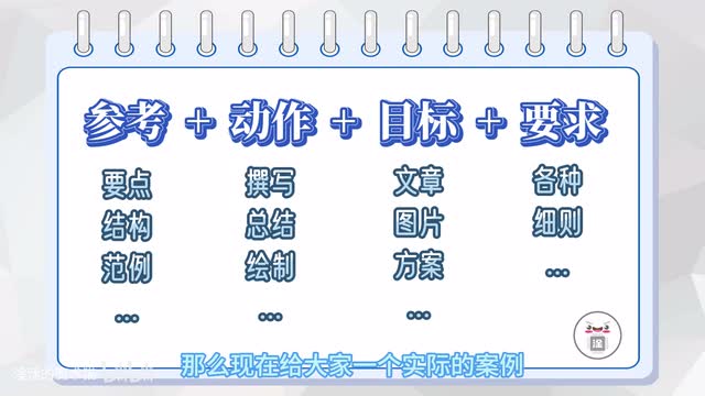 目标是指动作的对象,比如文章、图片、视频、方案。简单的说,动作是谓语,目标则是宾语。最后要求是指生成内容时需要遵循的各种细节要求。
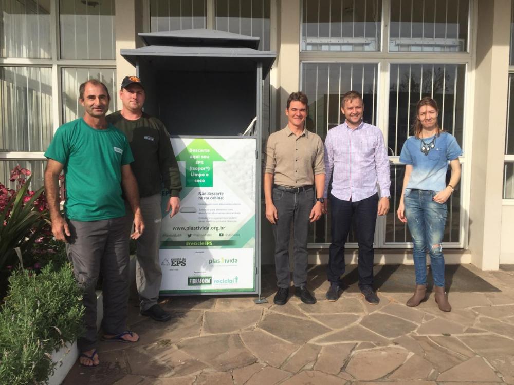 Foram entregues na manhã desta terça, pela Fibraform, uma das principais empresas de Bom Princípio, containers específicos para a coleta de EPS (Isopor), havendo pontos de coleta na prefeitura e em várias escolas de Bom Princípio.
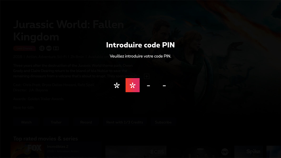 Le code PIN parental est par défaut 1234, sauf si vous l’avez déjà modifié. Vous avez introduit un mauvais numéro ? Utilisez les touches directionnelles pour vous déplacer et réintroduisez le bon code. Oublié votre code PIN ? Appelez gratuitement le 0800 99 696.
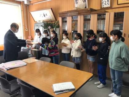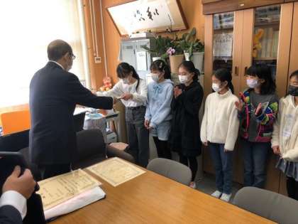終業式終了後、12月19日に行われた「世田谷こども駅伝」に出場した5,6年生の選手への表彰式を行いました。残念ながら6連覇は果たせませんでしたが、みんな力を出し切ったすがすがしい表情で、校長先生から表彰状を受け取りました。表彰状は保健室前に掲示しています。お立ち寄りの際に是非ご覧ください。
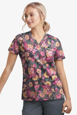 UA Butter-Soft STRETCH Happy Morning Floral Women’s 2-Pocket V-Neck Print Scrub Top
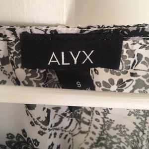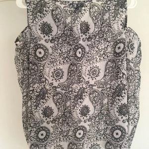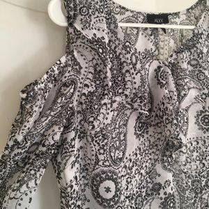 Printed high-low top, with ruffled collar, shoulder-less and quarter sleeves, sized small.
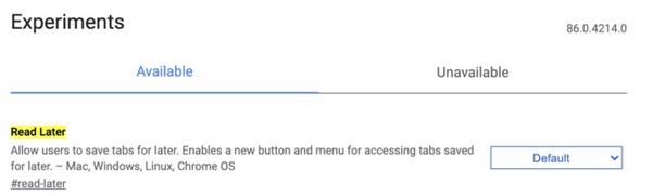 该功能已经上线 Chrome 86 Canary 版本,该功能 “允许用户保存标签页以备日后使用。启用一个新的按钮和菜单,用于访问保存到以后的标签页。”然而,当外媒试图在 macOS 上激活该功能时,却发现没有任何 UI 变化,看来这个功能还处于非常早期的阶段。

# # # #

Your response must reproduce every line of the data exactly, with images omitted.

▶ [Expected answer]
 目标是指动作的对象,比如文章、图片、视频、方案。简单的说,动作是谓语,目标则是宾语。最后要求是指生成内容时需要遵循的各种细节要求。
 Foram entregues na manhã desta terça, pela Fibraform, uma das principais empresas de Bom Princípio, containers específicos para a coleta de EPS (Isopor), havendo pontos de coleta na prefeitura e em várias escolas de Bom Princípio.
 Le code PIN parental est par défaut 1234, sauf si vous l’avez déjà modifié. Vous avez introduit un mauvais numéro ? Utilisez les touches directionnelles pour vous déplacer et réintroduisez le bon code. Oublié votre code PIN ? Appelez gratuitement le 0800 99 696.
終業式終了後、12月19日に行われた「世田谷こども駅伝」に出場した5,6年生の選手への表彰式を行いました。残念ながら6連覇は果たせませんでしたが、みんな力を出し切ったすがすがしい表情で、校長先生から表彰状を受け取りました。表彰状は保健室前に掲示しています。お立ち寄りの際に是非ご覧ください。
 UA Butter-Soft STRETCH Happy Morning Floral Women’s 2-Pocket V-Neck Print Scrub Top
 Printed high-low top, with ruffled collar, shoulder-less and quarter sleeves, sized small.
 该功能已经上线 Chrome 86 Canary 版本,该功能 “允许用户保存标签页以备日后使用。启用一个新的按钮和菜单,用于访问保存到以后的标签页。”然而,当外媒试图在 macOS 上激活该功能时,却发现没有任何 UI 变化,看来这个功能还处于非常早期的阶段。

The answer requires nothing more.